You can repeat this step many times with different colors. It’s good to add these effects as they give an impression of drawn elements.
As this illustration is named “No Beauty” you can think of some elements connected with the beauty. I found two free pictures of blush, that are a little bit out of focus. But anyway, we will resize this blush down, so the blur won’t be seen.
OK, grab the Pen Tool and cut out several crushed parts of this blush, paste it on some white documents and touch them up a little. Use the Burn Tool (Midtones) and burn them as show in the second image below. Then simply make them fit our illustration.
Note: if you decided to put some parts of the blush near the ground, then you need to treat the floor with some shadow!

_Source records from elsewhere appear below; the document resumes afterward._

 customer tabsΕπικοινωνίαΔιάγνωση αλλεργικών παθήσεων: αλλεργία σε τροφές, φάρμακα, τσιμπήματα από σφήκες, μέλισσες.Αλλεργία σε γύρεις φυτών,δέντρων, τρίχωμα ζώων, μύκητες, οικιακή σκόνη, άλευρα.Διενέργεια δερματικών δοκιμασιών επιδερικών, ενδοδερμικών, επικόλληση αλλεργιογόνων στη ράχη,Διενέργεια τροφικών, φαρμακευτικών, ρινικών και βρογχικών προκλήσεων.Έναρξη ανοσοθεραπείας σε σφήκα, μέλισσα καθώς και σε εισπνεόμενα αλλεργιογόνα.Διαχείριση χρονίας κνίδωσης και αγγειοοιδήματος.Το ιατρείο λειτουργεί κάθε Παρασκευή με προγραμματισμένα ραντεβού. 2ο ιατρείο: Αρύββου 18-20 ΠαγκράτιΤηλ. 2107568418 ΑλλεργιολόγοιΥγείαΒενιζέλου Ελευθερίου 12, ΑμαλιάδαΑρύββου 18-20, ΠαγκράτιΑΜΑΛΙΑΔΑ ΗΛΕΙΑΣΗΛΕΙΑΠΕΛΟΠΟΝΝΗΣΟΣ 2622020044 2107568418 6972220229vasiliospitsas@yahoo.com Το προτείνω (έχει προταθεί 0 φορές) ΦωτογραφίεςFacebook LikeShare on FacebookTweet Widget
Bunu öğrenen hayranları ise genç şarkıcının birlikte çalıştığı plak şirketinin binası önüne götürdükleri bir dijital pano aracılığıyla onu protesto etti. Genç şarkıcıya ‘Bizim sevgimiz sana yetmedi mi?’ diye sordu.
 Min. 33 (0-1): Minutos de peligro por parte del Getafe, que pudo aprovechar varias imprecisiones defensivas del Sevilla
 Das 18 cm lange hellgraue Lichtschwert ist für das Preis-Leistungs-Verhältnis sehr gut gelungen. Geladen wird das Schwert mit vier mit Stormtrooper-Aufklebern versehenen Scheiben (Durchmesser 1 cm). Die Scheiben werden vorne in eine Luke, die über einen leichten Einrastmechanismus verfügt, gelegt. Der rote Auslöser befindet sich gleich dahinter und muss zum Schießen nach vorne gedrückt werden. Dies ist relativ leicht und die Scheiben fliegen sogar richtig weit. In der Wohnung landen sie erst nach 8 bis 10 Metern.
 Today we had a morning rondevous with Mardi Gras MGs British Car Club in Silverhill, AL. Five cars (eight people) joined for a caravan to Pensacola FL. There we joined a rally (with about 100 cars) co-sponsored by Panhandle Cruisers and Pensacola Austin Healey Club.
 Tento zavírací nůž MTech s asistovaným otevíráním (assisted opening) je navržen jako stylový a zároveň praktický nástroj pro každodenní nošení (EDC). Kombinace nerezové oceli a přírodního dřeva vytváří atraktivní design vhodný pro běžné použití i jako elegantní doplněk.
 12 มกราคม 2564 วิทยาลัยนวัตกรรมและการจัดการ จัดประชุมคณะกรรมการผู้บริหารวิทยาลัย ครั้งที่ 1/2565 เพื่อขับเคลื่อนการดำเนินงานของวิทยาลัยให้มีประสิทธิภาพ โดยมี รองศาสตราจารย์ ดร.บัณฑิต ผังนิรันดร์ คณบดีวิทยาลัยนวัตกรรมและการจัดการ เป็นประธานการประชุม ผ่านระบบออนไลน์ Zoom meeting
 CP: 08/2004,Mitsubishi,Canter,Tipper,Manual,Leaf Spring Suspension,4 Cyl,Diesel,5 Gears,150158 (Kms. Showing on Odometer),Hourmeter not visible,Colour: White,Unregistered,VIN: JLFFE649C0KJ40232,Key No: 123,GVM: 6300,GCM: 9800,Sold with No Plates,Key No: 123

To make this illustration even more wrecked, I’ll show you how to create a leaking hole in the wall. There are six screenshots below, so I will describe them in order:
- Grab the Pen Tool (set it in the options to Shape Layer) and draw a nice curvy hole shape on the wall, and make it black. Name this layer “Hole.”
- Turn off the “Hole” layer, go to the Layers Palette, Command-click on this layer’s thumbnail (the selection should appear). Now hit Command + Shift + C (Copy Merged) and then Command + V (Paste). Now name this layer “Wall Part.” Move the copied “Wall Part” in front of the hole (you can also bend it using the Warp Tool). And make the “Hole” layer visible.

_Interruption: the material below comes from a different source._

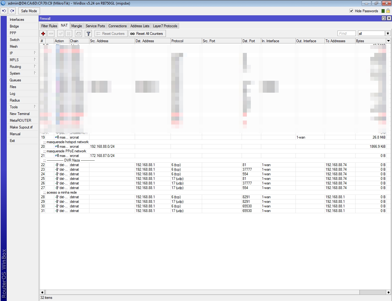 Olá pessoal! estou com de portas, só que aqui esta tudo configurado na maneira certa mas só que não redireciona as portas pro cliente de maneira alguma! obs: eu recebo o link de outro provedor, tbm o meu acesso remoto não funciona!
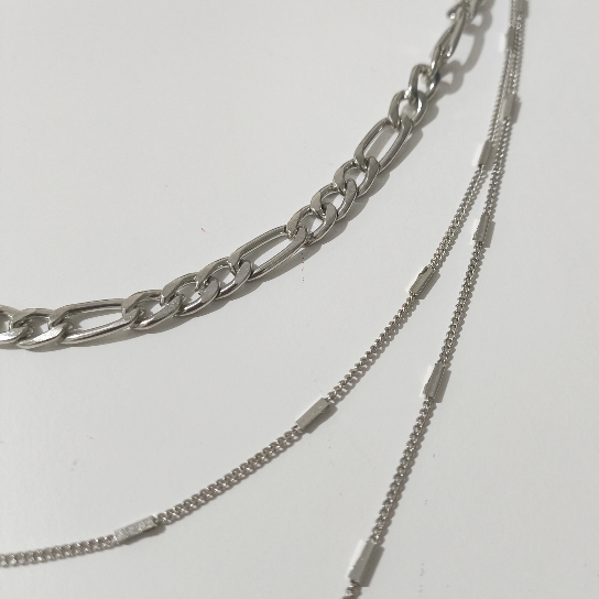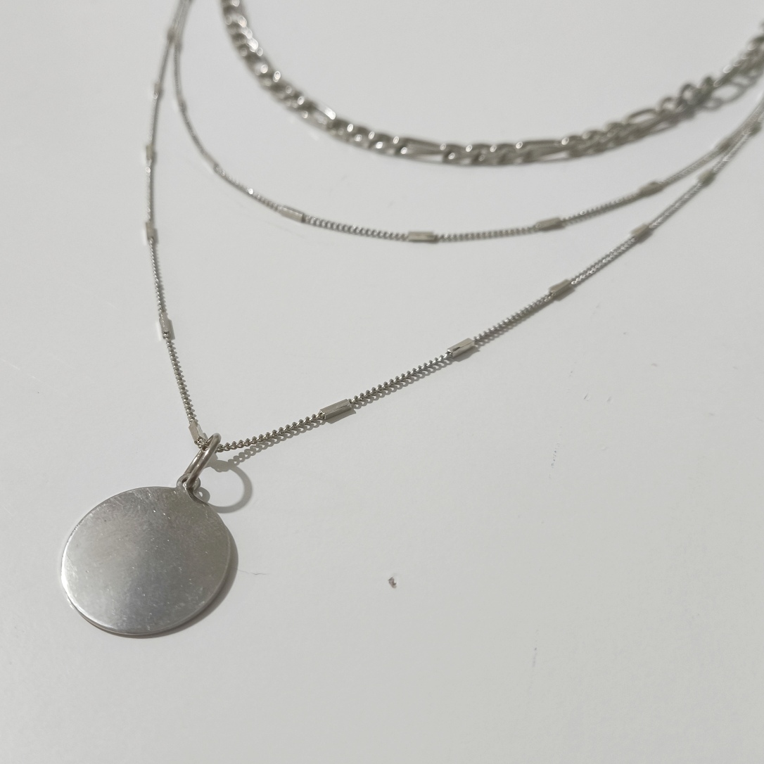 لایه اول یه زنجیر فیگاروی کلاسیکه، لایه وسط ظرافت رو به رخ میکشه و لایه آخر هم با اون پلاک دایرهای آینهای، تموم نگاهها رو به خودش خیره میکنه.

- Duplicate the “Wall Part” layer three to four times, move those duplicates below the original layer and use the keyboard arrows to change their spots to top left (one after another) to create a fake 3d effect. Merge these duplicates and use the Burn Tool (set to Midtones) to give it more depth.
- Now do same thing to the “Hole” layer. But this time make only one duplicate (colorize it to brown for example to see the difference) and move this copy to top left using the keyboard arrows. This should look now exactly like the forth image below.

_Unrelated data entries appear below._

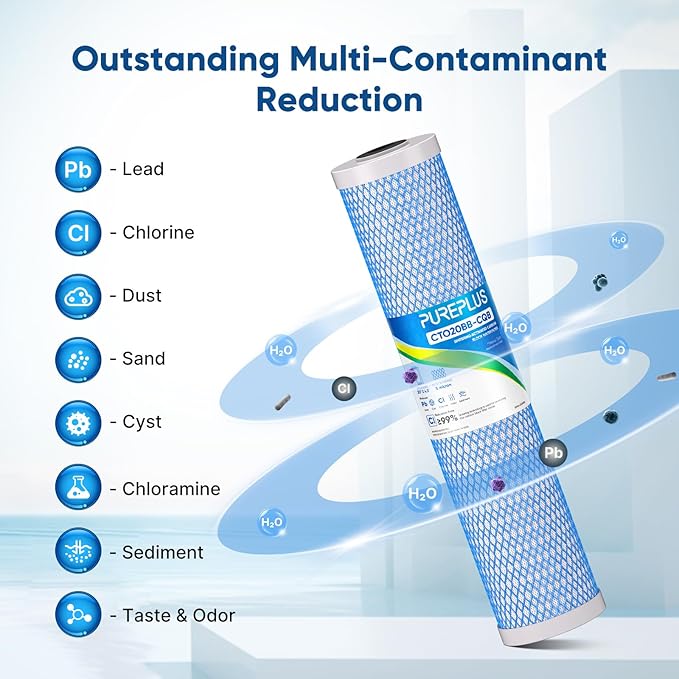 PUREPLUS 5 Micron 20" x 4.5" Whole House Lead Removal Water Filter, Enhanced Coconut Shell Activated Carbon Water Filter, Replacement Cartridge, CTO20BB-CQB, 1 PACK
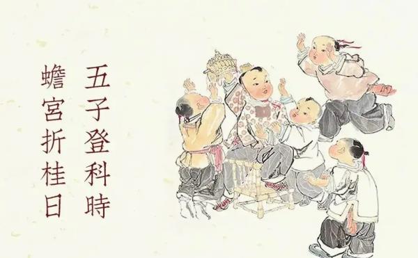针言“五子及第”中的“五子”指的是五个儿子。这一针言出自于《宋史.窦仪传》,此中“五子”指的是宋朝窦禹钧的五个儿子宋仪、宋俨、宋侃、宋偁以及宋僖。
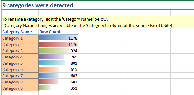 3. In these sample 9 categories were created and you can see the number of rows per category.
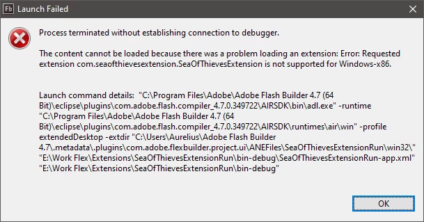 However, when I try to debug the project which uses the 64 bit native extension, I get two error messages:

- Then bring up the selection of the “Hole” layer (Command-click on the layer’s thumbnail), next hold Command + Alt and click on the “Hole copy” layer (to remove the selection of this copied layer). You should get a tiny selection in the bottom edge. Create a new layer above the “Hole” layer and fill it with a dark brown color. Use the Burn Tool (set to Midtones) and Dodge Tool (set to Midtones) to make this edge stand out more.
- Copy the skin splashes that we made in the beginning (you can also resize down after copying) and place them dripping from our hole. Use the Burn Tool (set to Midtones) to make it fit the splash top parts to the black hole’s background. Then add some shadow under these drips (same way as you’ve created shadow in the previous steps).
Take a look at:
- First Image Below: As a final touch-up, add a Layer Adjustment of Black and White in the Layers Palette (on the top of all layers), change it’s Opacity the way you like (around 30-50%) and set the Blending Mode to Soft Light.
- Second Image Below: Hit Command + Shift + A (to select the whole canvas), Command + Shift + C (to Copy the whole canvas), Command + V (Paste on the top of all layers), and then apply Command + Shift + U (to Desaturate).
- Third Image Below: Change the Opacity of this layer to 40%, set the Blending Mode to Soft Light, then go to Layer > Adjustment > Shadows/Highlights and enhance the Amount of Highlights. This brings an HDR touch.
- Forth Image Below: Finally again hit Command + Shift + A (to Select the whole canvas), Command + Shift + C (to Copy the whole canvas), Command + V (Paste on the top of all layers), change the Blending Mode to Overlay and go to Filter > Other > Highpass, and set the value to 1.
So here we are folks. I hope you can successfully apply these effects to your own pieces now. May the detail be with you!